INTX 2016: Cisco Touts Growth of Flagship Cable Access Platform
A year after Cisco Systems used INTX in Chicago to trot out its next-gen cable access platform, the vendor announced ahead of this year’s confab in Boston that the cBR-8 is approaching 100 customers worldwide, with 30 already in deployment.
Cisco said cBR-8, a high-density Converged Cable Access Platform (CCAP) product Cisco is now also referring to as its “Giga box,” is also employing DOCSIS 3.1, the industry’s new multi-gigabit CableLabs spec for hybrid fiber/coax networks.
The device, Cisco added, is deployed with operators in countries and regions that include the U.S., Europe, Asia Pacific, and Latin America, and is now being used to deliver services to more than 7 million pay TV subs. Recent wins include Midco, which has kicked off 1-Gig trials in Fargo, N.D., with plans to expand trials to Sioux Falls later this year. Quickline AG, meanwhile, has completed a migraiotn to the cBR-8 and is using it to help 21 cable operators deliver multi-Gigabit services for 400,000 customers in Switzerland.

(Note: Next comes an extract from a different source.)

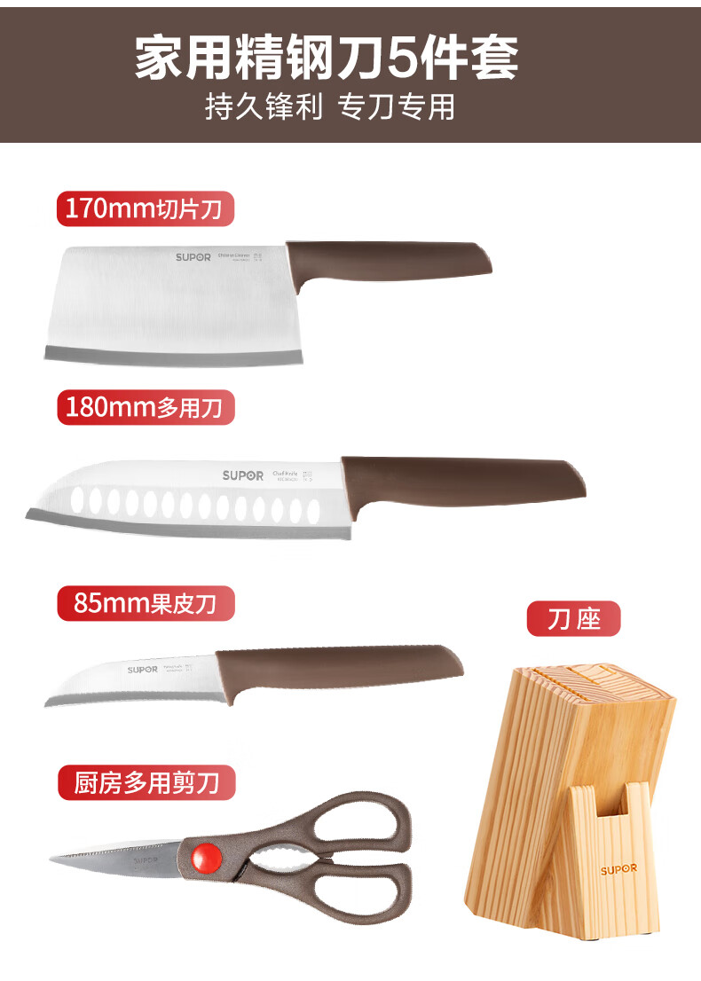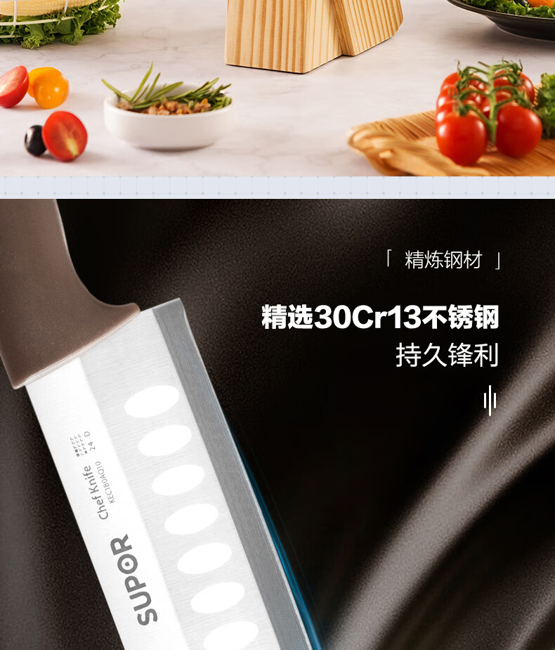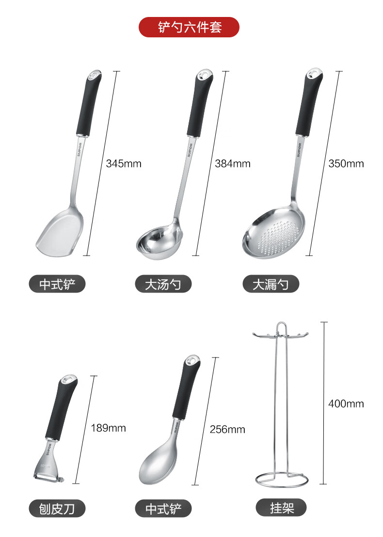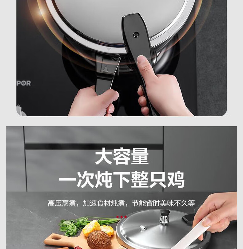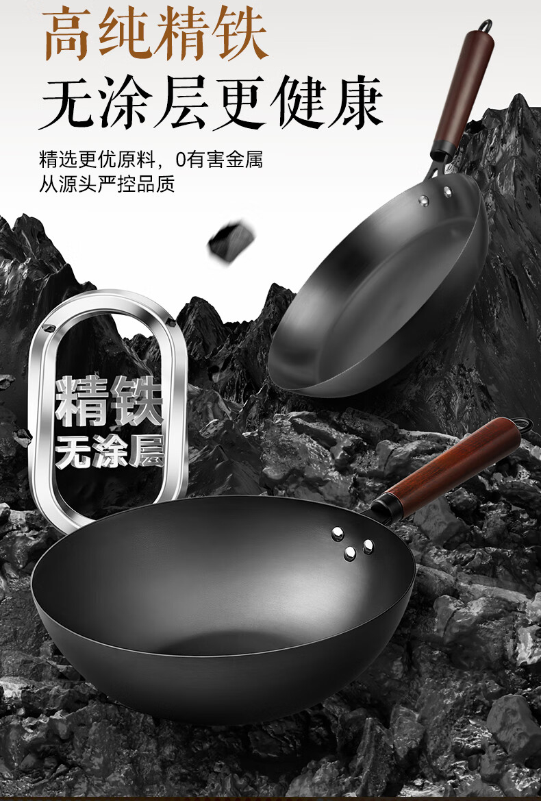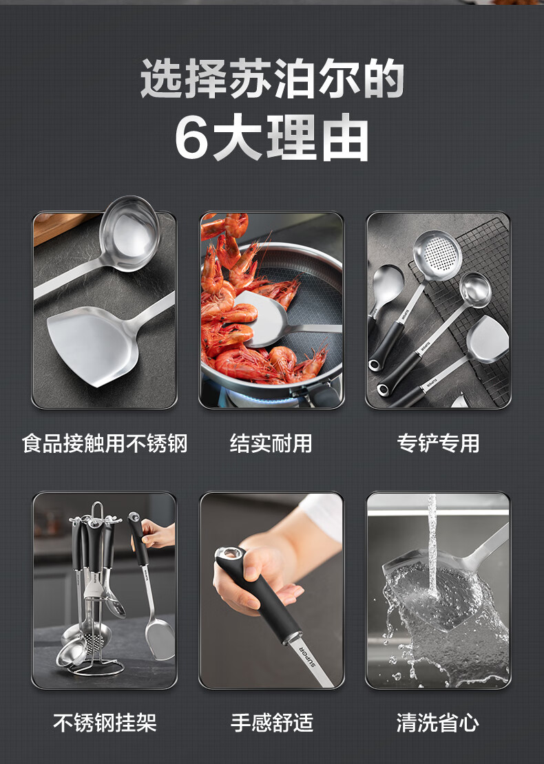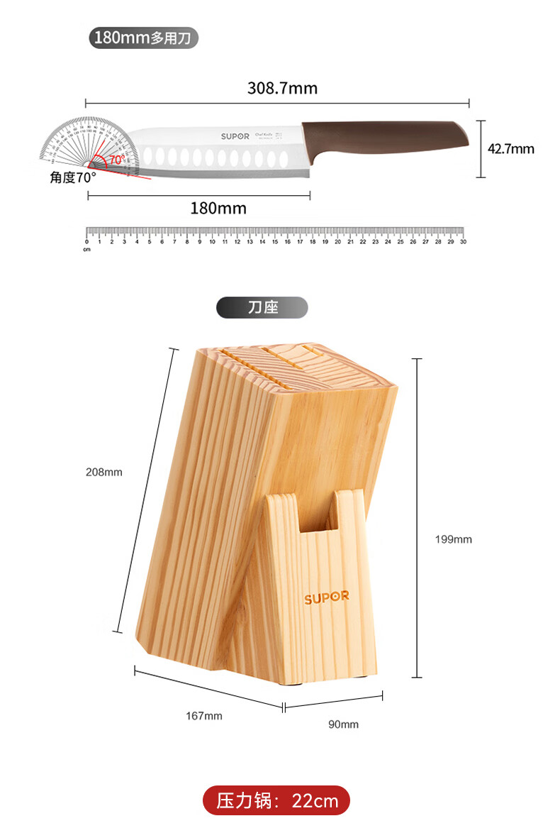 SUPOR uncoated iron pot wok frying pan set frying pan 304 stainless steel stew steamer soup pot pressure cooker stir-fry + fry + soup + steam + spatula + knife 6-piece set

Per a blog from Todd McCrum, senior director, strategy and product management at Cisco’s Cable Access Business Unit, the cBR-8 hardware shipping today also supports “Evolved CCAP” functionality, which includes DOCSIS 3.0, voice and MPEG video, plus DOCSIS 3.1 downstream and upstream and remote PHY.
Cisco is battling for dominance with other suppliers in the cable access market. Among individual companies, Arris held 53% of total revenues in the category at the end of 2015, followed by Cisco (26%) and Casa Systems (15%), according to SNL Kagan. In March, Jeff Heynen, senior research analyst for SNL Kagan, said Cisco has been picking up momentum in recent quarters as the cBR-8 gets into the field.